To: Wallace Rivers who wrote (13881)2/8/2002 12:42:07 PM
From: jeffbas  Respond to of 78748
 
Wallace, I took a casual look at OPMR. It looks like sales are flattening out. That would be a critical investment issue, if true. It looks to be selling at 20 times last quarter's annualized results. That is probably reasonable unless major additional sales growth is ahead. The patent suit is an issue I can't quantify. Solid balance sheet.

The chart looks kind of poor, with the stock going from nothing to the 40's and then trending down except for a blip last year.

quote.yahoo.com



To: Wallace Rivers who wrote (13881)2/8/2002 7:18:52 PM
From: Paul Senior  Respond to of 78748
 
Wallace, I've used the NCR auto. checkout at KM.

Here's an article relating to that product:

dailynews.yahoo.com

(I occasionally follow NCR, but right now, the stock is too expensive for me.)
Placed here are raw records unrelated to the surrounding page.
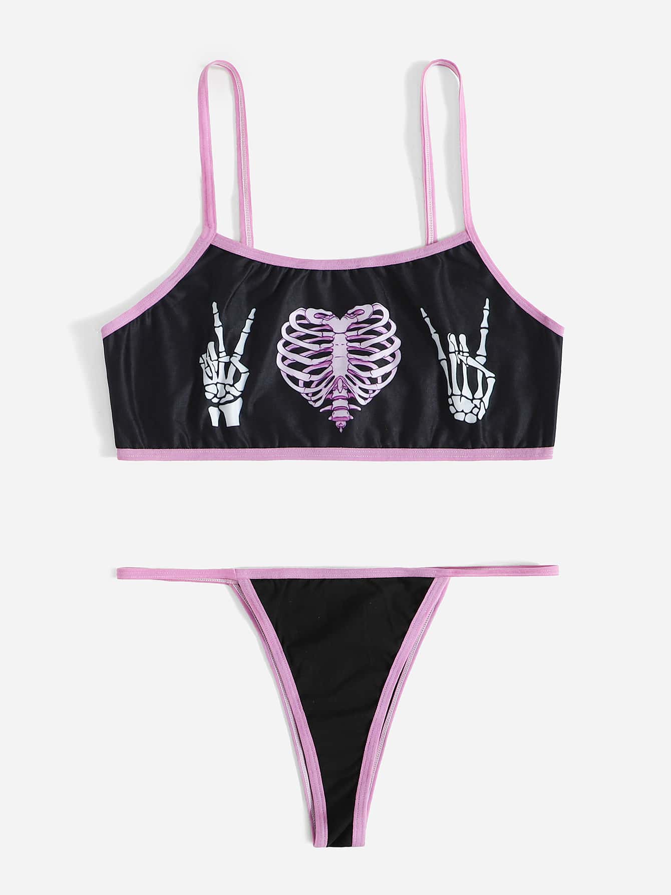 Ensemble de lingerie halloween à imprimé squelette à liseré contrastant
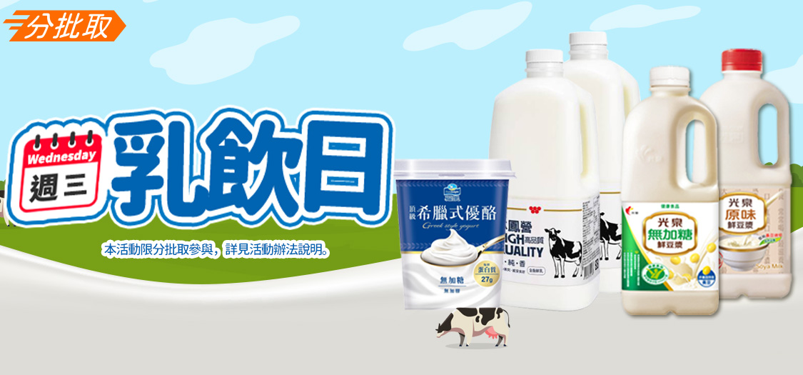 二、 活動案型:分批取「週三乳飲日」專區,單筆滿$500享10%等值福利點回饋。
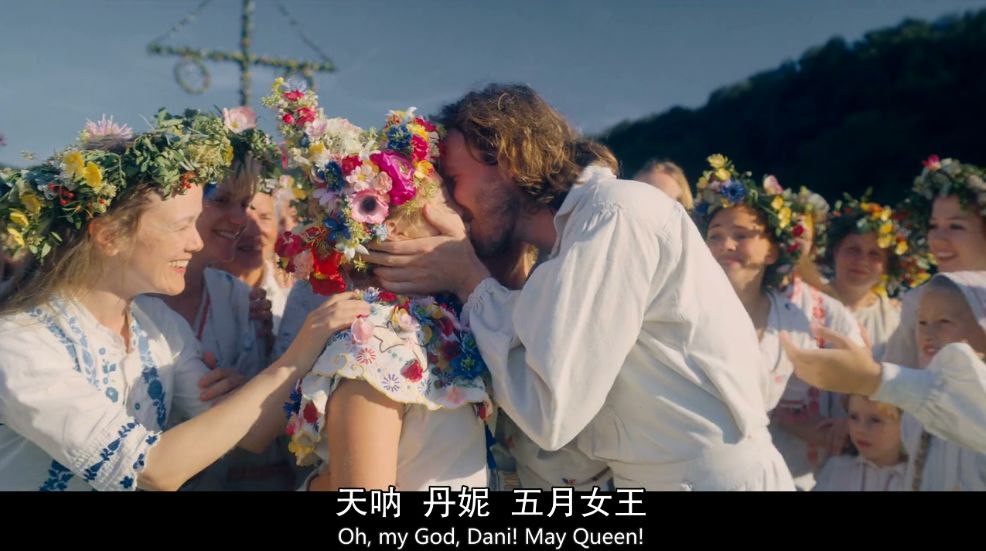 影片的结尾,目睹了男友偷情的丹妮,作为五月节女王,从容地指定了克里斯成为最后一个祭品。看着眼前燃烧起来的熊熊大火,她的脸上露出了诡异的笑容。

To: Wallace Rivers who wrote (13881)2/11/2002 10:11:53 PM
From: Bob Rudd  Respond to of 78748
 
OPMR: I like the concept of the business a lot. Retail productivity has lagged dramatically and ATM's provide somewhat of a glimpse of the future. I'm not concerned about a sales pause in the light of what, until very recently looked like a disasterous retail season. Capex budgets tend to be driven by profits and the outlook for profit has been pretty poor for most retailers. Of greater concern would be the competitive threat by NCR [Which I've owned but don't currently]. NCR's Retail Store Automation [RSA] biz is around $1.3 Billion, where OPMR's ttm is <$0.1Billion. This is NCR's sandbox. They have position in the mind of many customers as THE trusted vendor for this type of stuff. They can use package selling approaches to muscle out rivals the size of OPMR. In short, OPMR must beat them strongly in the performance/technology department to survive and thrive. I'm not sure they're up to it. But if they are, the payoff could be large. One possibility is that NCR chooses to coexist in order not to have gov't issues on monopolistic competition. A duopoly where the 'partners' dance well together can be a good thing.
Here's what recent units look like:
fashionwindows.com
fashionwindows.com
Insider selling has been consistant and aggressive, but mostly at higher levels. There's considerable shorting, too. Negative cash flows are to be expected at this early lifecycle stage. They have $5.70/share in cash and no debt, so survival isn't a near term concern.
All and all a mixed bag that deserves a closer look.